Construct Kafka shopper to learn occasion knowledge with a particular date vary in Jupyter pocket book
These days, I’ve been assigned a seemingly easy process →
“We began to seize occasions from a brand new app. May you confirm such take a look at occasions landed in Kafka correctly?”
I’ve a tough thought of how knowledge flows in our system: clickstream knowledge collected from each Net and cell apps would stream to MetaRouter first, after which MetaRouter works as a Kafka producer, which produces occasion logs to a sure Kafka matter. The occasions generated from our new app have a shared writeKey
. Due to this fact to be able to learn these occasions, I would want to :
- Create a Kafka shopper to hearken to this Kafka matter
- Since I do know such take a look at occasions are produced in a sure date vary, I wish to construct the Kafka shopper solely learn occasions for the desired dates.
- Retailer the info in a method that I may filter and do evaluation with, ideally in a pandas dataframe.
So my objective is to realize the info stream from Kafka -> Pandas!
After quite a few days of googling round StackOverflow, GitHub, and numerous websites, I lastly obtained it working! And beneath are my code snippets on learn how to implement in two of the preferred python libraries for Kafka.
Prerequisite: pip set up kafka-python
(The newest model 2.0.2 is utilized in my pocket book)
First, we have to import beneath libraries and Kafka surroundings variables. Beneath Setup scripts might be reused in answer 2 with one minor change.
Subsequent, construct a Kafka shopper to learn occasions from a particular datetime vary. There are 5 steps:
- Step 1: Since I do know the take a look at occasions had been despatched between 2022–09–22 between 12 pm to 14 pm (UTC) time, I take advantage of
datetime
operate to createdt_start
anddt_end
to sure the time vary. - Step 2: In Kafka, solely occasions from the identical partition are so as, so we have to learn occasions from the desired partition. (say you might have 6 partitions for the subject, you may decide any quantity from 0–5 to make use of as partition).

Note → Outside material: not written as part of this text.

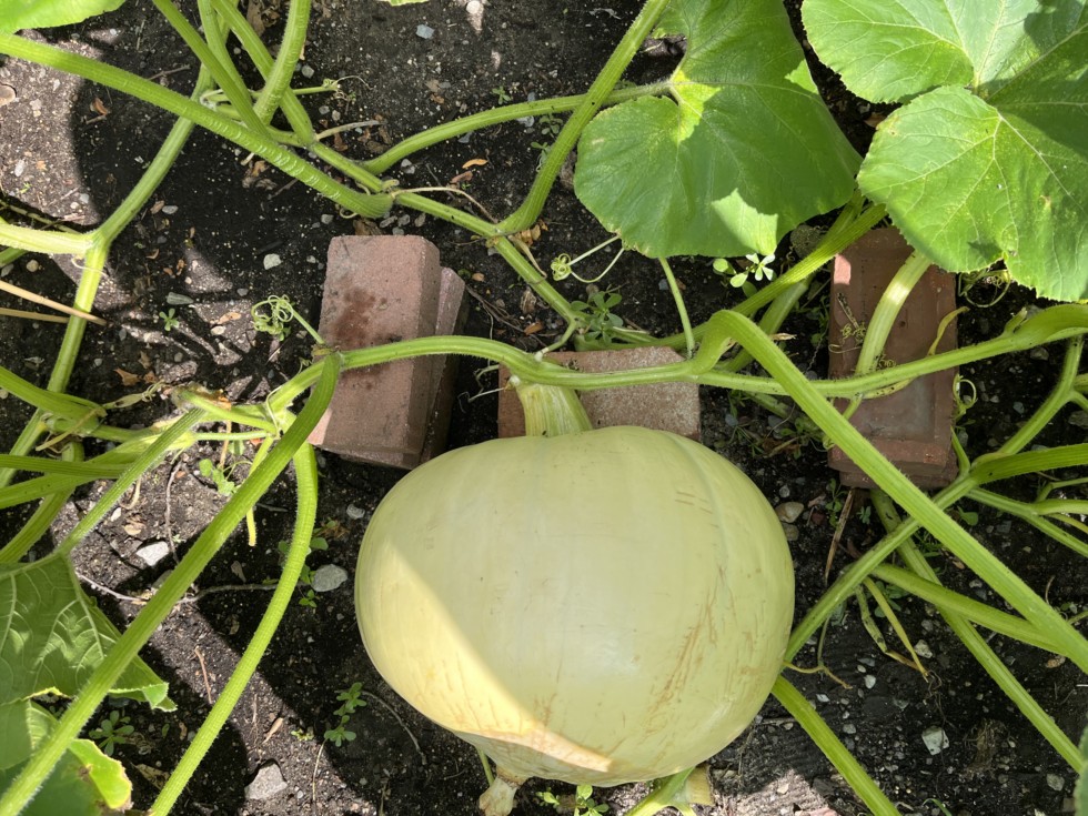 It feels like a new season this morning with cooler weather and the day off. So relaxing to be working in the garden with no rush. The pumpkin is leveled off now. It's still growing quickly so hopefully it doesn't abort in the next few days.

- Step 3: The fundamental shopper requires
matter
,bootstrap_servers
andgroup_id
. I discovered that in Jupyter pocket book, if I don’t presentsecurity_protocol
it might throw errors. - Step 4: That is the important thing! The way in which it really works is like this:
– datetime object → get transformed to UTC timestamp in milliseconds → get transformed to the associated to offset quantity in a Matter Partition
– important operate isshopper.offsets_for_times({tp:dt_start.timestamp()*1000})
- Step 5: Use
search
to fetch occasions ranging from the specified beginning time
– every message has a propertiesoffset
, and we evaluate it with the specified ending time offset to determine whether or not proceed or break
Sufficient speaking, and right here’s the complete code →
And after that, I can question thewriteKey
of our new app in Pandas! 🐼
The above answer is impressed by a comparable query from StackOverflow. Truly, that is the place I began to do immense search and located there’s no equal answer to make use of confluent-kafka
. Since my authentic code is predicated on confluent-kafka
as a substitute of kafka-python
, I used to be puzzled by their seeming similarity but nuanced variations.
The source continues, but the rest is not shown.